According to Geoffrey of Monmouth's History of the Kings of Britain (1136), he led the descendants of the Trojans who fled with Antenor after the Trojan War and settled on the coasts of the Tyrrhenian Sea. After Brutus, a descendant of the Trojan prince Aeneas, had been exiled from Italy and liberated the enslaved Trojans in Greece, he encountered Corineus and his people, who joined him in his travels. In Gaul, Corineus provoked a war with Goffarius Pictus, king of Aquitania, by hunting in his forests without permission, and killed thousands single-handedly with his battle-axe. After defeating Goffarius, the Trojans crossed to the island of Albion, which Brutus renamed Britain after himself. Corineus settled in Cornwall, which was then inhabited by giants. Brutus and his army killed most of them, but their leader, Gogmagog, was kept alive for a wrestling match with Corineus. The fight took place near Plymouth, and Corineus killed him by throwing him over a cliff.[1]

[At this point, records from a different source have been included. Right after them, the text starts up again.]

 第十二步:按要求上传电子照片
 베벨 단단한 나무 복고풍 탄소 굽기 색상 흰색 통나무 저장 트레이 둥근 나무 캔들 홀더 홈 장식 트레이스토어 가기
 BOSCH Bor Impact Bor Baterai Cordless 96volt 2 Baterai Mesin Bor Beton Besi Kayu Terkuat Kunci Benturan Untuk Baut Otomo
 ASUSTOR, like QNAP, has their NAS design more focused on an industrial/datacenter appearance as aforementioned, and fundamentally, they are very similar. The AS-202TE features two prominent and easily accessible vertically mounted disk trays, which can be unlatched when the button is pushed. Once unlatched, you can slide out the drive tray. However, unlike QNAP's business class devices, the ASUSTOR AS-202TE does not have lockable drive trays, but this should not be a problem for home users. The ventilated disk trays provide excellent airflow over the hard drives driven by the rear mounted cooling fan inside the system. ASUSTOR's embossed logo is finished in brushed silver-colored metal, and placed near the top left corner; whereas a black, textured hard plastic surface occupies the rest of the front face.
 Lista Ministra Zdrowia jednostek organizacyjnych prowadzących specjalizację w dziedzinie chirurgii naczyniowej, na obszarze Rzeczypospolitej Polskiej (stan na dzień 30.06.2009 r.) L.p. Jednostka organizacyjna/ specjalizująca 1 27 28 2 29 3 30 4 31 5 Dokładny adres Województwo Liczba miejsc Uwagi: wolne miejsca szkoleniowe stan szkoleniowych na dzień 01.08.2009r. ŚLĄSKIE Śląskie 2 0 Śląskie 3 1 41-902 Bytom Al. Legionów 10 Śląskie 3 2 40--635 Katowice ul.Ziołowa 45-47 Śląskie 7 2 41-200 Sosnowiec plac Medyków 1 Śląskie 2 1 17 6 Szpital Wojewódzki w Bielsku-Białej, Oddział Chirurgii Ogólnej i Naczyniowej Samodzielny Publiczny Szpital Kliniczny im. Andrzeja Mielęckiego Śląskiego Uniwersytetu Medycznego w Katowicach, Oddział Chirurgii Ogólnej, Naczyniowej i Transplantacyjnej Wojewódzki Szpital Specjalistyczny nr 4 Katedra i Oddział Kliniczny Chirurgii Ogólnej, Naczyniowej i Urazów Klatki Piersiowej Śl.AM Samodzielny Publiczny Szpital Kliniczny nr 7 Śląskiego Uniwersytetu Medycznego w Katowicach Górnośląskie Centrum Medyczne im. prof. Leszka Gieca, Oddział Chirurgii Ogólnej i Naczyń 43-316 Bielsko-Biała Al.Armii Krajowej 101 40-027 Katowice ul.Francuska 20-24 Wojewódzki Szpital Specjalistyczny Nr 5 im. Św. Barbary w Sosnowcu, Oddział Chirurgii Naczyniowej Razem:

Corineus was the first of the legendary rulers of Cornwall. After Brutus died the rest of Britain was divided between his three sons, Locrinus (England), Kamber (Wales) and Albanactus (Scotland). Locrinus agreed to marry Corineus's daughter Gwendolen, but fell in love instead with Estrildis, a captured German princess. Corineus threatened war in response to this affront, and to pacify him Locrinus married Gwendolen, but kept Estrildis as his secret mistress. After Corineus died Locrinus divorced Gwendolen and married Estrildis, and Gwendolen responded by raising an army in Cornwall and making war against her ex-husband. Locrinus was killed in battle, and Gwendolen threw Estrildis and her daughter, Habren, into the River Severn.[2]

The tale is preserved in the works of later writers, including Michael Drayton and John Milton.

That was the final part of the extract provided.